If a multi-byte character is escaped with a backslash in TEXT mode input, and the encoding is one of the client-only encodings where the bytes after the first one can have an ASCII byte "embedded" in the char, we didn't skip the character correctly. After a backslash, we only skipped the first byte of the next character, so if it was a multi-byte character, we would try to process its second byte as if it was a separate character. If it was one of the characters with special meaning, like '\n', '\r', or another '\\', that would cause trouble. One such exmple is the byte sequence '\x5ca45c2e666f6f' in Big5 encoding. That's supposed to be [backslash][two-byte character][.][f][o][o], but because the second byte of the two-byte character is 0x5c, we incorrectly treat it as another backslash. And because the next character is a dot, we parse it as end-of-copy marker, and throw an "end-of-copy marker corrupt" error. Backpatch to all supported versions. Reviewed-by: John Naylor, Kyotaro Horiguchi Discussion: https://www.postgresql.org/message-id/a897f84f-8dca-8798-3139-07da5bb38728%40iki.fi
author: Heikki Linnakangas <heikki.linnakangas@iki.fi> 2021-02-05 11:14:56 +0200
committer: Heikki Linnakangas <heikki.linnakangas@iki.fi> 2021-02-05 11:17:07 +0200
commit: c06632e48b3537f9a062f6c4686a730625a429fd (patch)
tree: 24c6bef58b50498c2bccf07b7484b3c9b030c86b
parent: 2671125c75c04f7abc4a87998959c197e99e34c6 (diff)

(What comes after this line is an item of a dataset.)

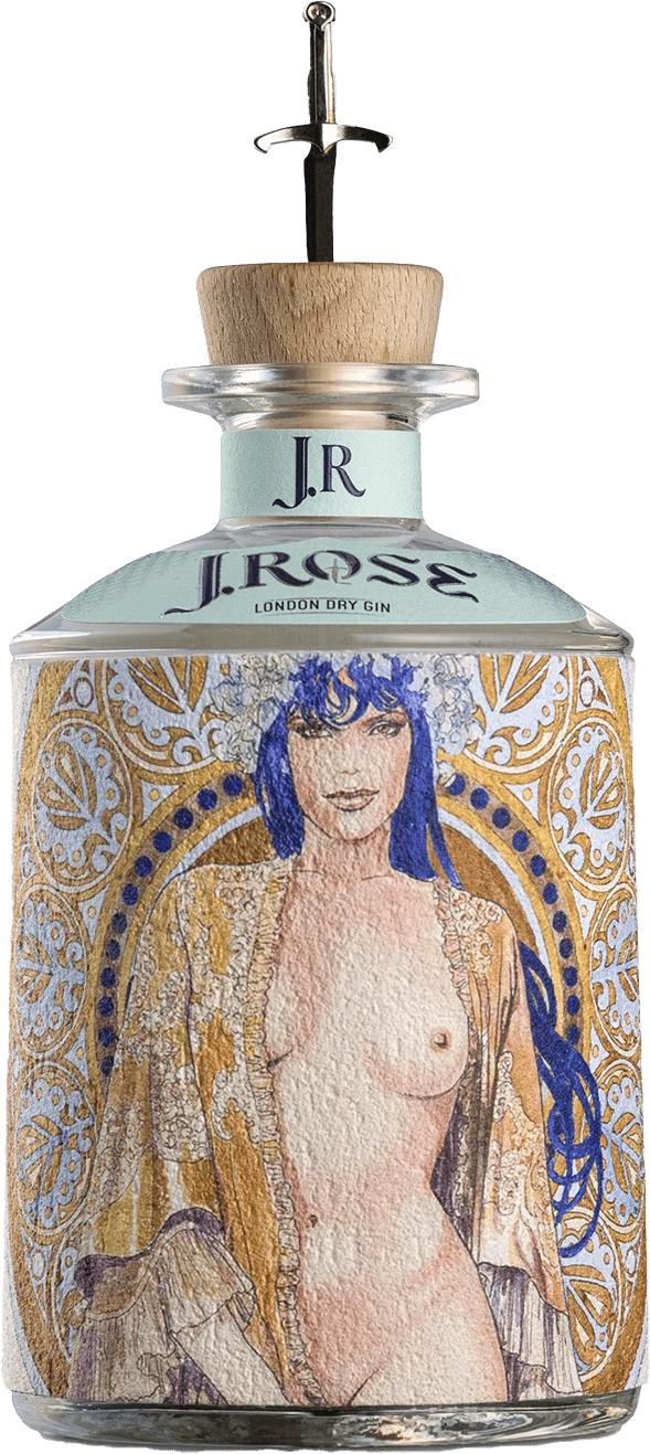 Oltre alla qualità del prodotto, un elemento distintivo di J.Rose Gin sono le sue etichette, frutto di una collaborazione con il famoso fumettista Milo Manara, che le rende vere e proprie opere d'arte.

download: postgresql-c06632e48b3537f9a062f6c4686a730625a429fd.tar.gz
postgresql-c06632e48b3537f9a062f6c4686a730625a429fd.zip
1 files changed, 9 insertions, 1 deletions
diff --git a/src/backend/commands/copy.c b/src/backend/commands/copy.c
index a5528f8307f..b52081f1e96 100644
--- a/src/backend/commands/copy.c
+++ b/src/backend/commands/copy.c
@@ -3994,7 +3994,7 @@ CopyReadLineText(CopyState cstate)
 				break;
 			}
 			else if (!cstate->csv_mode)
-
+			{
 				/*
 				 * If we are here, it means we found a backslash followed by
 				 * something other than a period.  In non-CSV mode, anything
@@ -4005,8 +4005,16 @@ CopyReadLineText(CopyState cstate)

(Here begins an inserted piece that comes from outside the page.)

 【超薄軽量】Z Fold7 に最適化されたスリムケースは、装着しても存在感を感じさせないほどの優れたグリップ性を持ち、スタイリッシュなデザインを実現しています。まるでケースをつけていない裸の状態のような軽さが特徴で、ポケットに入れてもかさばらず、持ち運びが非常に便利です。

 				 * backslashes are not special, so we want to process the
 				 * character after the backslash just like a normal character,
 				 * so we don't increment in those cases.
+				 *
+				 * Set 'c' to skip whole character correctly in multi-byte
+				 * encodings.  If we don't have the whole character in the
+				 * buffer yet, we might loop back to process it, after all,
+				 * but that's OK because multi-byte characters cannot have any
+				 * special meaning.
 				 */
 				raw_buf_ptr++;
+				c = c2;
+			}
 		}
 
 		/*
author	Heikki Linnakangas <heikki.linnakangas@iki.fi>	2021-02-05 11:14:56 +0200
committer	Heikki Linnakangas <heikki.linnakangas@iki.fi>	2021-02-05 11:17:07 +0200
commit	c06632e48b3537f9a062f6c4686a730625a429fd (patch)
tree	24c6bef58b50498c2bccf07b7484b3c9b030c86b
parent	2671125c75c04f7abc4a87998959c197e99e34c6 (diff)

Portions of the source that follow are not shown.